Sci-Hub (widely treated by courts and publishers as a copyright-infringing shadow library) has launched a new AI-powered research assistant called Sci-Bot (sci-bot.ru). Mixed reviews from scientists on Chemical & Engineering News, who note that Sci-Hub’s increasingly limited access to paywalled literature reduces the value of the tool. Nick Morley from Grounded AI analysed the references and found that of the 514 references created, nearly 30% had some form of author misattribution.
My own quick test for a history of Digital Science was mixed; it covered the key points, nothing beyond 2023, and included some absolute clangers. For example, Daniel Hook wasn't the founding CEO. Around 50% of core claims and references were accurate, 30% inaccurate or misleading, 20% would need more careful checking.
Springer Nature’s Cureus is launching the Journal of AI-Augmented Research in May 2026 as “an open and trusted home for researchers using AI as part of their research practice, with clear standards for transparency, reproducibility, and human-verified validation”. It was only a matter of time before research created using AI, and its associated OA fees, found new homes at major publishers.

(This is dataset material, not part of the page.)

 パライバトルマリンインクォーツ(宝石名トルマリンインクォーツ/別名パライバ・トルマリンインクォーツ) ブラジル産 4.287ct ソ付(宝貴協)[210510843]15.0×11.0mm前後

ReviewBench is an open-source, venue-agnostic framework that compares human and AI reviews across structure, alignment with a paper’s major claims, impact, and critique category. [Preprint | GitHub]

🖧 Fabricated citations:

My feeds are full of reports about fabricated citations in research papers. I am quite curious to know how this October 2025 (!) Frontiers paper got published. 🤷
Max Topaz’s CITADEL site is a great piece of data science and visualisation summarising their research findings about fabricated citations.
Retraction Watch has a good summary of Topaz et al.’s research. I thought this was a good comment: “For instance, citations that play a minor role (e.g., placing the reported study within the context of existing literature; serving a rhetorical function) and which can be withdrawn without affecting the argument made or the validity of the results can be addressed in a correction that is transparent with respect to the authors’ lapse in vigilance.” (It’s surprisingly easy to get a fabricated reference when you do something like ask for the landmark study in JAMA about X.)

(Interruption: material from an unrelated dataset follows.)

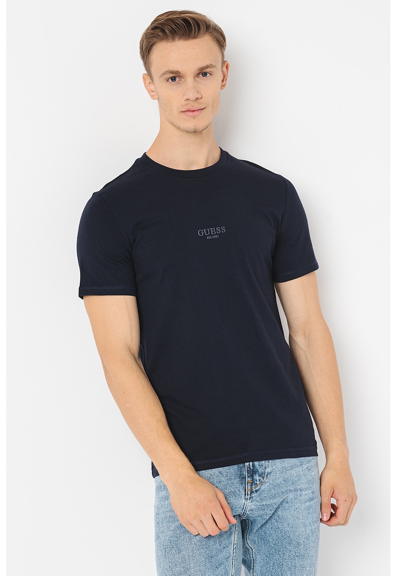 Caracteristici Culoare: albastru ultramarin Imprimeu: uni Material: bumbac Croiala: slim fit Model: decolteu la baza gatului Lungime maneca: maneca scurta Detalii: detaliu cu logo Compozitie Exterior: 100% bumbac Info model Modelul poarta un produs de marimea M. Marimi model: 191 cm inaltime

Tim Elfenbein asks what I think is the more important question: “Machine fabricated citations are a problem, but they are an extension of lots of other all-too-human problems w/ citations that have gotten little attention. What is worse: a completely fabricated citation or a misrepresentation of an existing cited work?”

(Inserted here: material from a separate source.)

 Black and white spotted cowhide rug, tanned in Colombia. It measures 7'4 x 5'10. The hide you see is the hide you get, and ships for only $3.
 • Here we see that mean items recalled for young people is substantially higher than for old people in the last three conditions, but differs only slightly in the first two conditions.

A Nature analysis estimates that more than 110,000 scholarly publications from 2025 alone may contain fabricated references generated by AI. [Summary on LinkedIn]
I am feeling slightly wistful. Back in the day, there were teams of people (like me) working in ‘Electronic production’ departments manually checking that every URL in a reference list resolved to the right paper before it went online. Utterly mind-numbing but quite relaxing work that has largely been automated away (thankfully!). It is hard to believe the work that went into getting papers online 20+ years ago, the levels of QA done because of the fear that something might be incorrect online (which, to be fair, it often was).

🤖 AI:

IOPP’s new Duplicate Review Checker uses machine learning to identify reviewer reports with significant content overlap. Since its 2024 pilot, it has processed around 500,000 reports going back to 2020, flagging matches above a 60% similarity threshold. It catches both reports reused across multiple manuscripts and reports submitted under different reviewer names, with flagged reports routed to the Research Integrity team for review. Around 2,500 duplicates have been caught so far.
🎙️ Prathik Roy, Product Director for Data and AI Solutions at Springer Nature, on The Product Experience podcast, covers a lot of ground, including: “You’re effectively at an inflection point where you need to start thinking about whether you are building for humans to consume content via machines instead of humans directly consuming content off of your platforms.” So, how do you quantify the value of content when nobody visits your site anymore? Prathik walks through tracking content into AI pipelines, measuring what proportion of an LLM’s answer came from your sources, and eventually pricing by outcomes rather than access.
📊 COUNTER has released its Best Practice on Generative and Agentic AI usage metrics. See also the Research Information article by Tasha Mellins-Cohen.
The Foresight Institute is funding projects on this premise: “In addition to applying AI to specific problems, we need better platforms, tools and data infrastructure to accelerate AI-guided scientific progress generally. Similarly, to get our sense-making ready for rapid change, we are interested in funding work that applies AI to improve forecasting and general epistemic preparedness.”
🗎 Talip Gönülal, Ramazan Güçlü and Salih Güçlü explore AI In Academic Publishing for Non-Native English Speakers: The Good, the Bot, and the Ugly: “… the good, reducing linguistic inequalities by improving paper quality and decreasing language-related challenges; the bad, involving inaccurate or misleading AI suggestions, over-reliance on AI tools, and diminished engagement with manuscripts; and the ugly, characterized by failure to disclose AI use, lack of clear guidelines for responsible AI integration in research, homogenization of academic writing, and the emergence of new forms of inequality.”
James O’Sullivan on The AI detection delusion: “...the solution to one form of technological recklessness cannot be another. Detection tools give their users the feeling of objective certainty while delivering probabilistic guesses, and in doing so, they can cause real harm to real people—students who lose marks or face disciplinary action, professionals whose reputations are damaged, and writers whose command of English is held against them by an algorithm that mistakes simplicity for artificiality.”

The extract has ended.